In addition, this study also introduced the CNN-BILSTM-ATTENTION model, which had undergone hyperparameter optimization by HOA for comparative experiments. Through multiple repeated experiments, it was proven that under the same algorithm parameter settings, the HOA-CNN-BIGRU-ATTENTION model proposed in this study had the best prediction and fitting effect on the NASA aging dataset.
The experimental results show that the HOA exhibits significant performance advantages in SOH prediction for the four battery samples B0005–B0018. Compared with the unoptimized (NONE) and SSA optimization methods, the HOA-optimized modeling prediction curves (red) are closer to the real SOH values (black) throughout the cycling cycle, and the fitting accuracy remains high, especially at the later stage (Cycle > 100).

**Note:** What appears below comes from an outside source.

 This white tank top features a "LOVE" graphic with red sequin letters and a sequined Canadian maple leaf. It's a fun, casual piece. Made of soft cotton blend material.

From the above four sets of fitting comparison line graphs, it is found that the CNN-BIGRU-ATTENTION model with the HOA introduced is better in predicting the SOH of lithium batteries, and the rest of the specific parameters of the judgment indexes are shown in
Table 8 below.
The experimental data show that the RMSE values of the HOA-optimized CNN-BIGRU-ATTENTION model on the four cell samples (B0005, B0006, B0007, and B0018) are 0.00689, 0.01847, 0.00857, and 0.00805, respectively, which are significantly lower than those of the comparison models SSA-CNN-BIGRU-ATTENTION and CNN-BIGRU-ATTENTION, e.g., in sample B0005, the HOA-optimized model’s RMSE is reduced by 38.6% (0.01105→0.00689) compared to the SSA-optimized model and 42.7% (0.01202→0.00689) compared to the unoptimized model. This result verifies that the HOA effectively suppresses the prediction bias and improves the generalization ability of the model through parameter optimization.

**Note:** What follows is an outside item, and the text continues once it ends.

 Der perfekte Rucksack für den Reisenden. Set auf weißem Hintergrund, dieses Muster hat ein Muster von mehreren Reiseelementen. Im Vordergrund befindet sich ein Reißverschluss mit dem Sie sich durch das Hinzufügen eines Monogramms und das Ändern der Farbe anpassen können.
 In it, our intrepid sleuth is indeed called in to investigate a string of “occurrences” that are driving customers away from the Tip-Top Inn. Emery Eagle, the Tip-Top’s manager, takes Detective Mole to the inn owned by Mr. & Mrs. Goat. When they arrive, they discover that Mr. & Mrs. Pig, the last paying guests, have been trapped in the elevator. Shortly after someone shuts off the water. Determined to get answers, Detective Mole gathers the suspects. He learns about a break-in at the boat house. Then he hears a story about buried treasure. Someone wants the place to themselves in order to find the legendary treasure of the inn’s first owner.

The analysis of the R2 metrics reveals that the goodness-of-fit of the HOA optimization model maintains a leading position in all four data sets (0.969, 0.922, 0.948, and 0.916), with an average improvement of 4.3% compared to the SSA optimization model and an average improvement of 6.8% compared to the base model. Especially in the B0005 sample, R2 reaches 0.969, which is close to the theoretical optimal value of 1, indicating that the model can explain 96.9% of the variation in the dependent variable. This systematic advantage stems from the HOA’s global optimization of the modeling weights, which more accurately captures the nonlinear characteristics of the battery degradation process.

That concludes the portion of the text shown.